§ **Task prompt**
Please set down exactly the lines of the listing below from the line containing "Si vous recherchez" through the line containing "All of Our babies", both lines included, leaving out all other lines.

##### Extracted data

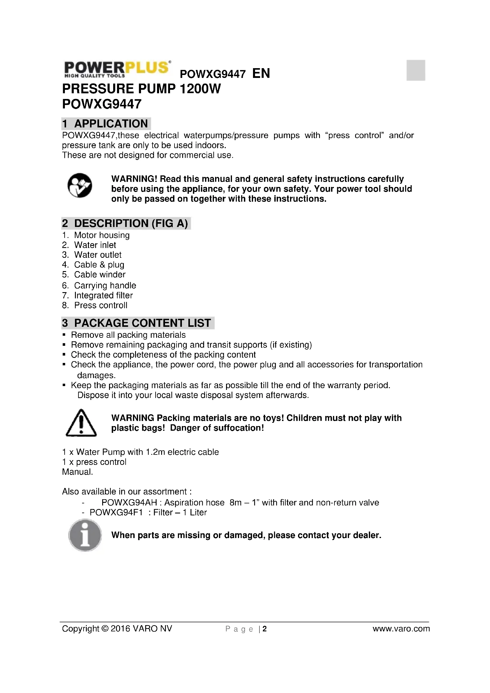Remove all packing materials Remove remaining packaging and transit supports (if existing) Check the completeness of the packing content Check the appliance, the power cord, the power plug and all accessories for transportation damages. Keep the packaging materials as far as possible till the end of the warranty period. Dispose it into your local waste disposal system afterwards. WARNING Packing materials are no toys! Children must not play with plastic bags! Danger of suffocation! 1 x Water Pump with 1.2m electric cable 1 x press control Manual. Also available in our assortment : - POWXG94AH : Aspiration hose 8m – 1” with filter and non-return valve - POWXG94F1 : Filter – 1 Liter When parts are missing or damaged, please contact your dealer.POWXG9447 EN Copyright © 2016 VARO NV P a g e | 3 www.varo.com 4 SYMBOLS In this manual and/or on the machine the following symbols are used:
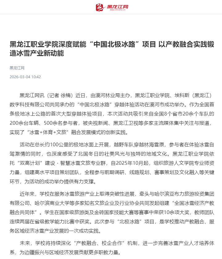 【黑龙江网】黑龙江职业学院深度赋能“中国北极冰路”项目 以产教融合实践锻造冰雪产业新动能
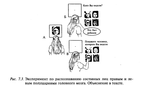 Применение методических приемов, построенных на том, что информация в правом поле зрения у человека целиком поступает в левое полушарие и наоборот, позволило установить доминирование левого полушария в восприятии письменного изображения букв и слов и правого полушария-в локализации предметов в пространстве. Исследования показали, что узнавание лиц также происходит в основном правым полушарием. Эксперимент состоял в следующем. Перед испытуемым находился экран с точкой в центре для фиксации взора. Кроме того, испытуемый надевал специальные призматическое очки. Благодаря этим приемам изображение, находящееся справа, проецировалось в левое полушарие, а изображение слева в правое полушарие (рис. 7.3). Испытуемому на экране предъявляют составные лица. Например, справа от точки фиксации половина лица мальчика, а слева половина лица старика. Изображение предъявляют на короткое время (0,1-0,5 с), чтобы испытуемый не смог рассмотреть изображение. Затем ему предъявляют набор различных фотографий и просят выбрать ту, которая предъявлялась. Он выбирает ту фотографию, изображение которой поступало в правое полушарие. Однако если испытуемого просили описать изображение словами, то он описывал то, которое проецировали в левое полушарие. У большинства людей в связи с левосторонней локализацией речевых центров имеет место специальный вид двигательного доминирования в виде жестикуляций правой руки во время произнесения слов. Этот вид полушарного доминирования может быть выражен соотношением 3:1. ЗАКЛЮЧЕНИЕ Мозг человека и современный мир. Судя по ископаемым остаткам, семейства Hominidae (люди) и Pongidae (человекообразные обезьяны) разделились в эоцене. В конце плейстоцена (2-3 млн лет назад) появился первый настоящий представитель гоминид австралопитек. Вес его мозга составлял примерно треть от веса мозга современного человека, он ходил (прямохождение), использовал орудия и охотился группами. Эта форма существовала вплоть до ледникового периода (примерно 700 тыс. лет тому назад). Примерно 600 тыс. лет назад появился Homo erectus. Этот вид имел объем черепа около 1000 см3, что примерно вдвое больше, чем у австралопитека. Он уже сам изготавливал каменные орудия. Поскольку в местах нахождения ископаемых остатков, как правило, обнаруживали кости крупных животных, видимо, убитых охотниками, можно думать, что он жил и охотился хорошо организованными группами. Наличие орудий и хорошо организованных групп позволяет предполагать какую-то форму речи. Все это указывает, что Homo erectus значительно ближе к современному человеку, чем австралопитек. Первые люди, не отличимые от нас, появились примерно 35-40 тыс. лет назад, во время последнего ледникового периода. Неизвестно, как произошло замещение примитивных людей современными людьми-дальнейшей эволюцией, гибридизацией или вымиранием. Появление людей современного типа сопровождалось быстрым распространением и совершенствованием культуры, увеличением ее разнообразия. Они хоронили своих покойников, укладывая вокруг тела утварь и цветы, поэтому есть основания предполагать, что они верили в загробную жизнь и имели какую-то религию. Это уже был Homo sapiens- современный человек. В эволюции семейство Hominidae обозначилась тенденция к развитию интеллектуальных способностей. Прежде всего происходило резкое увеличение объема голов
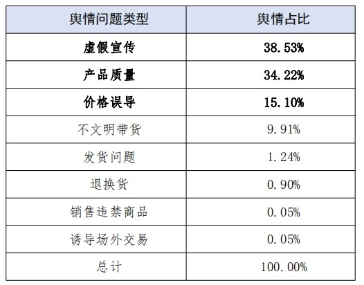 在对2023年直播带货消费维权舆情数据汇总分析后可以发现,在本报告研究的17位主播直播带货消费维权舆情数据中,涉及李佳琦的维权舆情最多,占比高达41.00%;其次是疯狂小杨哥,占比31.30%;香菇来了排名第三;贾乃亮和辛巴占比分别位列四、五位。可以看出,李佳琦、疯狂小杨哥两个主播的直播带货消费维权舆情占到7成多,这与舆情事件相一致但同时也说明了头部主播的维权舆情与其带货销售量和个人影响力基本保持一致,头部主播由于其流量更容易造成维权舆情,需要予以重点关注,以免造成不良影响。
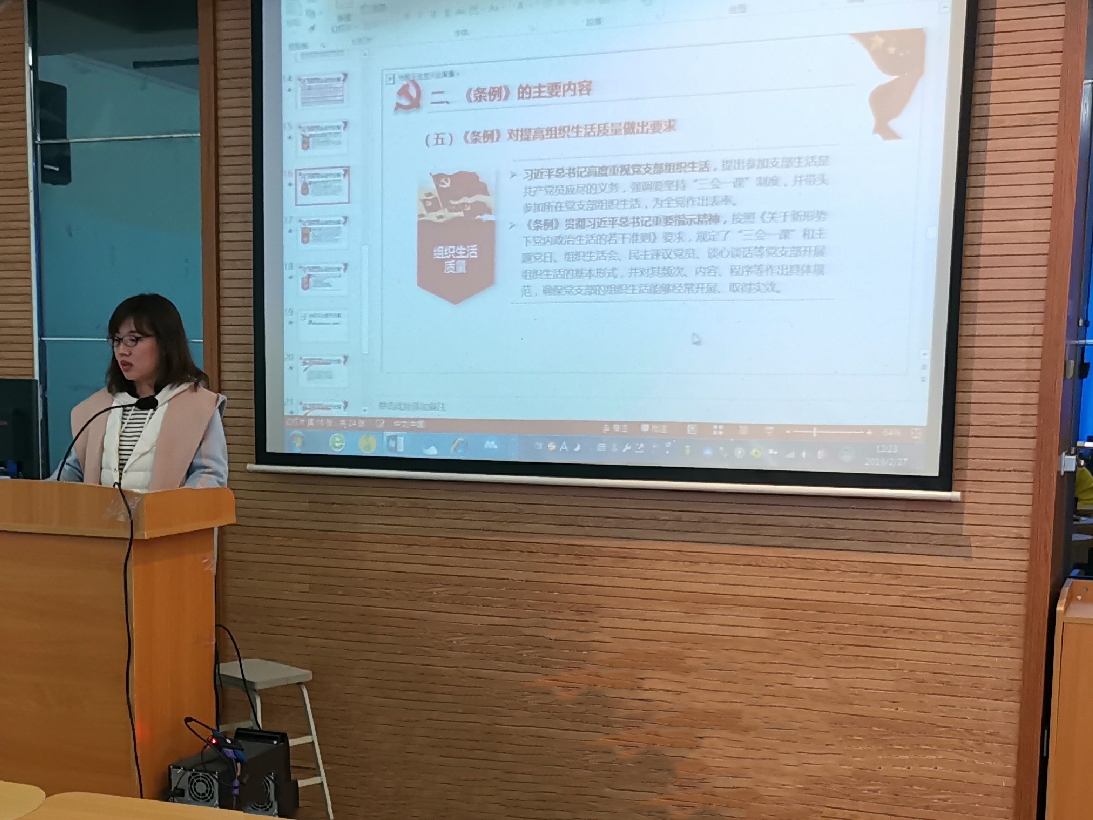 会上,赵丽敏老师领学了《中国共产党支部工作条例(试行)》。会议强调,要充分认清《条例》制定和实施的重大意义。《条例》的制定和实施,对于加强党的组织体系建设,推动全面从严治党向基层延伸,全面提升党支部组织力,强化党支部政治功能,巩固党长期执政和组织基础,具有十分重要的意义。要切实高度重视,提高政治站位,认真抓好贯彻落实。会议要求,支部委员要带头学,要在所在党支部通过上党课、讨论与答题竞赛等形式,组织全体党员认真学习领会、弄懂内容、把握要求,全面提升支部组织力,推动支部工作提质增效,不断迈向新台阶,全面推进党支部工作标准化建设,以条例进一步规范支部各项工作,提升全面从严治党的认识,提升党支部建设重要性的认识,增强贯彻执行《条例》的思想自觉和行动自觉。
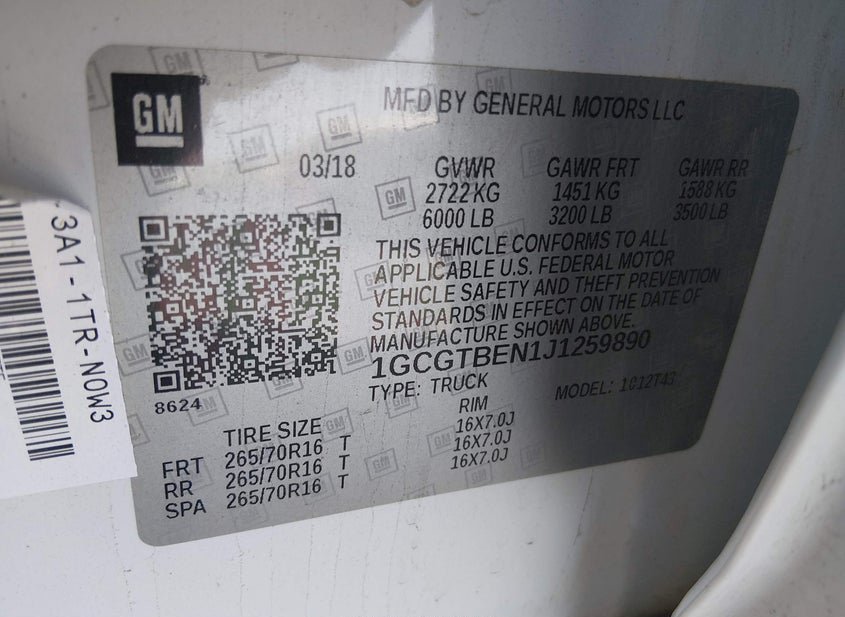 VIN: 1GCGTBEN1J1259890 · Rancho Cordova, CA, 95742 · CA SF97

##########
##### Extracted data

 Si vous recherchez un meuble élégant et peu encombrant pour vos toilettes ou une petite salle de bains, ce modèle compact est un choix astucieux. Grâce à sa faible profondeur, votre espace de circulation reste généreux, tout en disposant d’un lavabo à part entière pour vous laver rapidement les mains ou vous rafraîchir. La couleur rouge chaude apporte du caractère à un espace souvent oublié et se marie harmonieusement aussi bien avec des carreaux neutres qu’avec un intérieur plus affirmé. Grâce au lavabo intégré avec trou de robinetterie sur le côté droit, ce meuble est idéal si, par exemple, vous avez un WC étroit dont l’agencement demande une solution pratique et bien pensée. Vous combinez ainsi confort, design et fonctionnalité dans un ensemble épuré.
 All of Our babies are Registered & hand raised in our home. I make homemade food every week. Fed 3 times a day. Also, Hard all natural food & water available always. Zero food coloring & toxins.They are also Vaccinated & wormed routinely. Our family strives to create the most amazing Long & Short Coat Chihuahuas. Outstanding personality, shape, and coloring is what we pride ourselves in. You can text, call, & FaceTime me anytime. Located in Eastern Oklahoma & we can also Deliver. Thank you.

##########
##### Extracted data

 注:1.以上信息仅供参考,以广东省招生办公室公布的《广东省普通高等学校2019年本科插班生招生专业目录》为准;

##########

§ **Exercise result**
 Si vous recherchez un meuble élégant et peu encombrant pour vos toilettes ou une petite salle de bains, ce modèle compact est un choix astucieux. Grâce à sa faible profondeur, votre espace de circulation reste généreux, tout en disposant d’un lavabo à part entière pour vous laver rapidement les mains ou vous rafraîchir. La couleur rouge chaude apporte du caractère à un espace souvent oublié et se marie harmonieusement aussi bien avec des carreaux neutres qu’avec un intérieur plus affirmé. Grâce au lavabo intégré avec trou de robinetterie sur le côté droit, ce meuble est idéal si, par exemple, vous avez un WC étroit dont l’agencement demande une solution pratique et bien pensée. Vous combinez ainsi confort, design et fonctionnalité dans un ensemble épuré.
 All of Our babies are Registered & hand raised in our home. I make homemade food every week. Fed 3 times a day. Also, Hard all natural food & water available always. Zero food coloring & toxins.They are also Vaccinated & wormed routinely. Our family strives to create the most amazing Long & Short Coat Chihuahuas. Outstanding personality, shape, and coloring is what we pride ourselves in. You can text, call, & FaceTime me anytime. Located in Eastern Oklahoma & we can also Deliver. Thank you.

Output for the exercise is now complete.